Reproduce each record exactly, leaving out no line.

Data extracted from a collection
□ □ □ □ □

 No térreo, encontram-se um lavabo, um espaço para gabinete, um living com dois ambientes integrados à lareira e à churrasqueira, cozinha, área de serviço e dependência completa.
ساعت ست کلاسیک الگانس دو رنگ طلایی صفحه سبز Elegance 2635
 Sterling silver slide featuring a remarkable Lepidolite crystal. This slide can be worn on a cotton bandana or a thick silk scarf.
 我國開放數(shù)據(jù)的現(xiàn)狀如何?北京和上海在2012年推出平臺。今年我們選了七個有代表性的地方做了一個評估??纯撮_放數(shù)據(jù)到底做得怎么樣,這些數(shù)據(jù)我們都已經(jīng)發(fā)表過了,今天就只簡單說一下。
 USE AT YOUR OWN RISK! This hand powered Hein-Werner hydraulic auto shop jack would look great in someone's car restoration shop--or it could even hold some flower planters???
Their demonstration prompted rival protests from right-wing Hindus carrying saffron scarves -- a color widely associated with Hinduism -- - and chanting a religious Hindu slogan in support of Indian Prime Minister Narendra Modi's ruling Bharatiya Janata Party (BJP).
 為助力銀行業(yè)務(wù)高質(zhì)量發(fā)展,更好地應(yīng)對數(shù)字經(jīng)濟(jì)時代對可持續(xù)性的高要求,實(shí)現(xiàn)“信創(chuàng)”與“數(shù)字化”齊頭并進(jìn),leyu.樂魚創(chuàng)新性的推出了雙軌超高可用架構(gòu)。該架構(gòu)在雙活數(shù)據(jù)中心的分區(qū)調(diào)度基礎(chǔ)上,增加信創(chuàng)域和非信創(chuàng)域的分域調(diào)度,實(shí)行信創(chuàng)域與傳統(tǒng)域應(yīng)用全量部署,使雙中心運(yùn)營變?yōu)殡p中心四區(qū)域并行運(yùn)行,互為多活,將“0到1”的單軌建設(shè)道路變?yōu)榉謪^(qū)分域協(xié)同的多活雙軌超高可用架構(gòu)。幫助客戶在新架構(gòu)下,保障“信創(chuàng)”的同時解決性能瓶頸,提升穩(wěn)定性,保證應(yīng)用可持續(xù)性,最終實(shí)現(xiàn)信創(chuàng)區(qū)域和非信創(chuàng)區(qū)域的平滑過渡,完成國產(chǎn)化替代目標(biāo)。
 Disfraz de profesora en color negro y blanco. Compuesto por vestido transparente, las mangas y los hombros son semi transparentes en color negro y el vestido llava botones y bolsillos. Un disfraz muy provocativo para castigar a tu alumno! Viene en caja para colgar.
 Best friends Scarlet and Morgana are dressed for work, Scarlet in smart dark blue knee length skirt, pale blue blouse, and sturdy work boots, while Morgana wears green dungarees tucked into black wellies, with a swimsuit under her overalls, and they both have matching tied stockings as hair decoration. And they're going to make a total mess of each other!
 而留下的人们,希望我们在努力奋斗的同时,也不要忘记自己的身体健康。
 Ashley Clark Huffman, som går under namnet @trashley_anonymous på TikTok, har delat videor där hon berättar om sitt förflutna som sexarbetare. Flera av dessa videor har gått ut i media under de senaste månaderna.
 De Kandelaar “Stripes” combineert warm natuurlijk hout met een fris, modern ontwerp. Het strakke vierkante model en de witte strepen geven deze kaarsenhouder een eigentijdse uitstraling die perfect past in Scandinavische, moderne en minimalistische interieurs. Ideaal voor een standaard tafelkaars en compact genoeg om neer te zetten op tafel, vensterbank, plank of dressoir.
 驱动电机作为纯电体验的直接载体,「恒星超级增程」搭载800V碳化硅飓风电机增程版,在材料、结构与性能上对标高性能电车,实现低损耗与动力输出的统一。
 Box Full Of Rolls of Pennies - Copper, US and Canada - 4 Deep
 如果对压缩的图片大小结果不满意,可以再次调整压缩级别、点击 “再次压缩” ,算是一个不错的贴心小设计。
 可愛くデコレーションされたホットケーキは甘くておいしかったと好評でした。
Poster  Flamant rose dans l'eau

□ □ □ □ □

REPLY TO THE TASK
 No térreo, encontram-se um lavabo, um espaço para gabinete, um living com dois ambientes integrados à lareira e à churrasqueira, cozinha, área de serviço e dependência completa.
ساعت ست کلاسیک الگانس دو رنگ طلایی صفحه سبز Elegance 2635
 Sterling silver slide featuring a remarkable Lepidolite crystal. This slide can be worn on a cotton bandana or a thick silk scarf.
 我國開放數(shù)據(jù)的現(xiàn)狀如何?北京和上海在2012年推出平臺。今年我們選了七個有代表性的地方做了一個評估??纯撮_放數(shù)據(jù)到底做得怎么樣,這些數(shù)據(jù)我們都已經(jīng)發(fā)表過了,今天就只簡單說一下。
 USE AT YOUR OWN RISK! This hand powered Hein-Werner hydraulic auto shop jack would look great in someone's car restoration shop--or it could even hold some flower planters???
Their demonstration prompted rival protests from right-wing Hindus carrying saffron scarves -- a color widely associated with Hinduism -- - and chanting a religious Hindu slogan in support of Indian Prime Minister Narendra Modi's ruling Bharatiya Janata Party (BJP).
 為助力銀行業(yè)務(wù)高質(zhì)量發(fā)展,更好地應(yīng)對數(shù)字經(jīng)濟(jì)時代對可持續(xù)性的高要求,實(shí)現(xiàn)“信創(chuàng)”與“數(shù)字化”齊頭并進(jìn),leyu.樂魚創(chuàng)新性的推出了雙軌超高可用架構(gòu)。該架構(gòu)在雙活數(shù)據(jù)中心的分區(qū)調(diào)度基礎(chǔ)上,增加信創(chuàng)域和非信創(chuàng)域的分域調(diào)度,實(shí)行信創(chuàng)域與傳統(tǒng)域應(yīng)用全量部署,使雙中心運(yùn)營變?yōu)殡p中心四區(qū)域并行運(yùn)行,互為多活,將“0到1”的單軌建設(shè)道路變?yōu)榉謪^(qū)分域協(xié)同的多活雙軌超高可用架構(gòu)。幫助客戶在新架構(gòu)下,保障“信創(chuàng)”的同時解決性能瓶頸,提升穩(wěn)定性,保證應(yīng)用可持續(xù)性,最終實(shí)現(xiàn)信創(chuàng)區(qū)域和非信創(chuàng)區(qū)域的平滑過渡,完成國產(chǎn)化替代目標(biāo)。
 Disfraz de profesora en color negro y blanco. Compuesto por vestido transparente, las mangas y los hombros son semi transparentes en color negro y el vestido llava botones y bolsillos. Un disfraz muy provocativo para castigar a tu alumno! Viene en caja para colgar.
 Best friends Scarlet and Morgana are dressed for work, Scarlet in smart dark blue knee length skirt, pale blue blouse, and sturdy work boots, while Morgana wears green dungarees tucked into black wellies, with a swimsuit under her overalls, and they both have matching tied stockings as hair decoration. And they're going to make a total mess of each other!
 而留下的人们,希望我们在努力奋斗的同时,也不要忘记自己的身体健康。
 Ashley Clark Huffman, som går under namnet @trashley_anonymous på TikTok, har delat videor där hon berättar om sitt förflutna som sexarbetare. Flera av dessa videor har gått ut i media under de senaste månaderna.
 De Kandelaar “Stripes” combineert warm natuurlijk hout met een fris, modern ontwerp. Het strakke vierkante model en de witte strepen geven deze kaarsenhouder een eigentijdse uitstraling die perfect past in Scandinavische, moderne en minimalistische interieurs. Ideaal voor een standaard tafelkaars en compact genoeg om neer te zetten op tafel, vensterbank, plank of dressoir.
 驱动电机作为纯电体验的直接载体,「恒星超级增程」搭载800V碳化硅飓风电机增程版,在材料、结构与性能上对标高性能电车,实现低损耗与动力输出的统一。
 Box Full Of Rolls of Pennies - Copper, US and Canada - 4 Deep
 如果对压缩的图片大小结果不满意,可以再次调整压缩级别、点击 “再次压缩” ,算是一个不错的贴心小设计。
 可愛くデコレーションされたホットケーキは甘くておいしかったと好評でした。
Poster  Flamant rose dans l'eau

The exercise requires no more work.